Funnily enough, that is an exact parallel to how Wayne Gretzky's grandmother, Mary Gretzky, defined her roots in an interview to a Ukrainian diaspora magazine in 1982 (
link, see: pg. 9):
Mary Gretzky, 78, answered my questions politely and clearly, providing a condensed account of her life. Born Maria Khodenetsky (or Khodenetski) in the village of Panovychi near Pidhaіtsі in the Stanislaviv (now Ivano-Frankivske) region of western Ukraine, she came to Canada at the age of 27 and married Tony Gretzky... Speaking in Slavic-accented English, Mary Gretzky gave Polish pronunciations to the names of her village (Раnowice) and nearby towns...
Mrs. Gretzky said she speaks Ukrainian and Polish, and (I think I understood her correctly) that Ukrainian was the language used in the Khodenetsky home in the old country. When I suggested that she might be Ukrainian, she demurred, pointing out, "No, no, I am Catholic, I'm Polish."
(tl;dr) In other words, in a case of the family like the Gretzky's, it is complicated. I suppose you could say they are ethnically Ukrainian, but culturally Polish. But most Poles don't -- of course -- speak Ukrainian as their mother tongue and most Ukrainians don't identify as Poles or use the Polish name for their hometown. They are a relic of an age where national identity in this part of Europe was far more fluid.

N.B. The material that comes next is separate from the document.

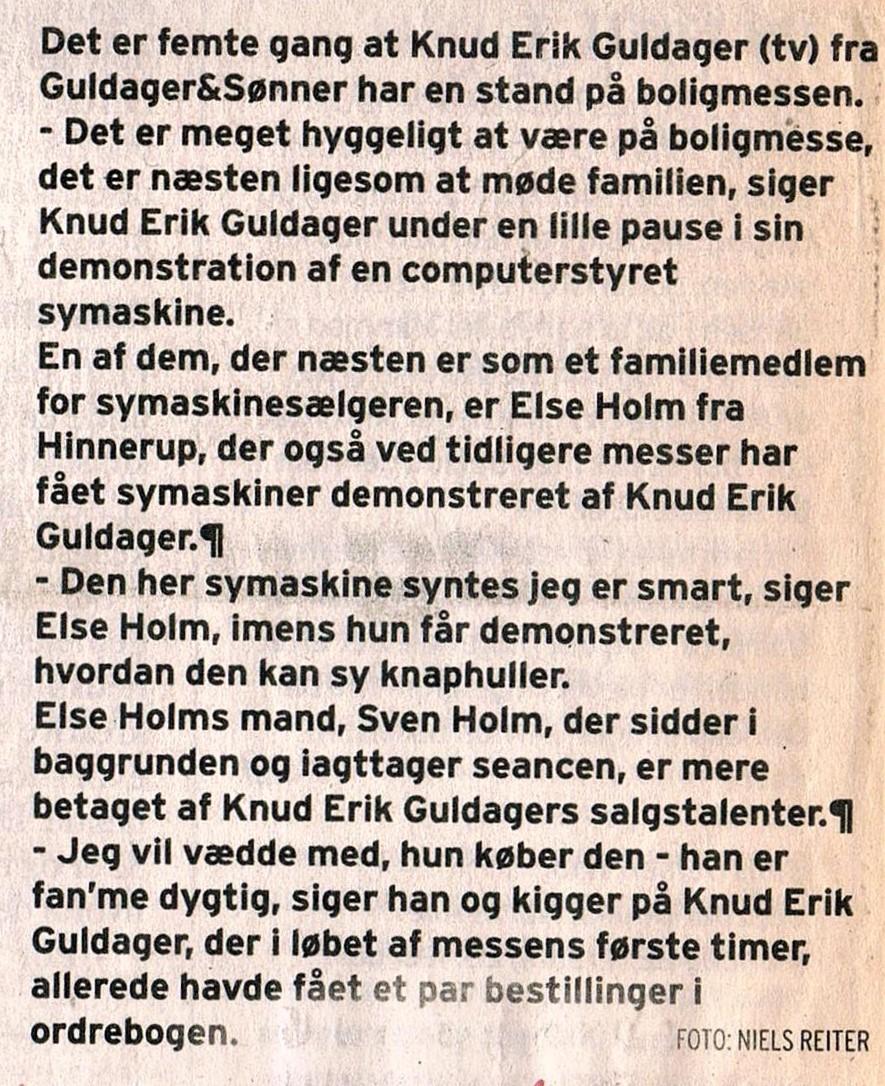 En dag så min far Niels Arne Guldager i en avis, at et symaskinefirma i Randers søgte agenter til salg af symaskiner. Min far elskede at sælge, så hvorfor ikke prøve det? - Det var hos Pfaff i Houmeden. Han søgte stillingen og fik den. Han var da 30 år, gift og havde et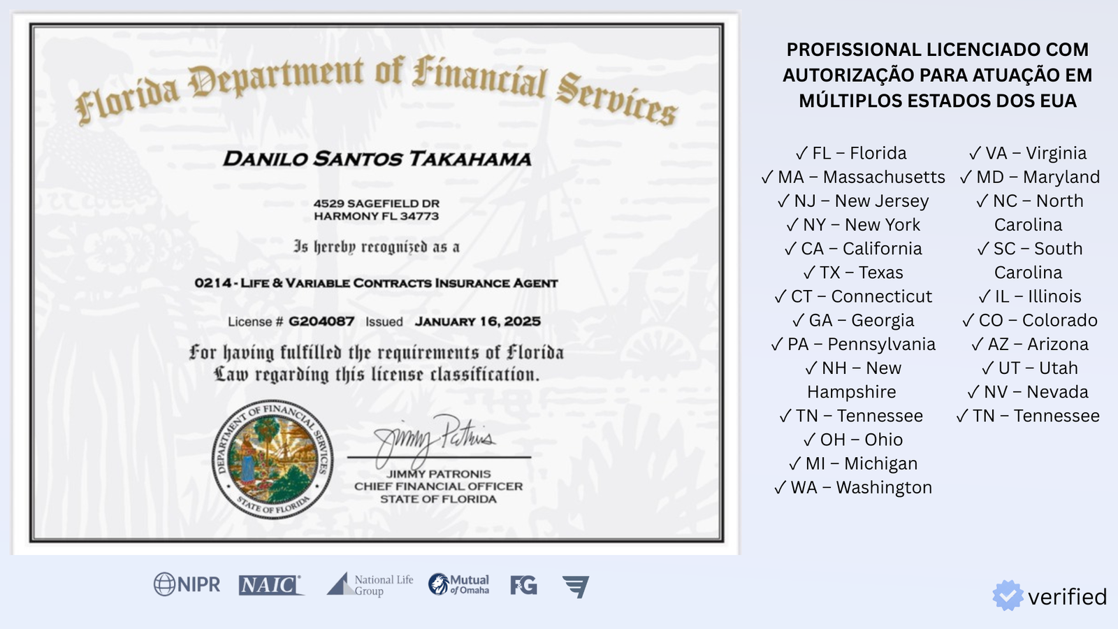 Verifique a Licença no Estado:https://nipr.com/licensing-center/look-up-a-national-producer-number

(Note: There is little that I could find on Gretzky's father, Anthony (Tony). In the interview linked above, Mary describes her by then-late husband as being "from White Russia," but then wrongly clarifies that he is from "Ukraine." White Russia and his birthplace, Grodno, are obviously not in Ukraine. But Ukrainian and Belarusian are very close languages, and even Ukrainian and Polish are relatively mutually intelligible, especially with familiarity. A linguist, if there is one on this board, is welcome to correct me if I'm wrong, but it seems possible that Gretzky's grandparents could have understood each other quite well, and that Walter's "Ukrainian," which he
awoke speaking after his brain aneurysm, was in fact Ukrainian with some degree of Polish and Belarusian admixture).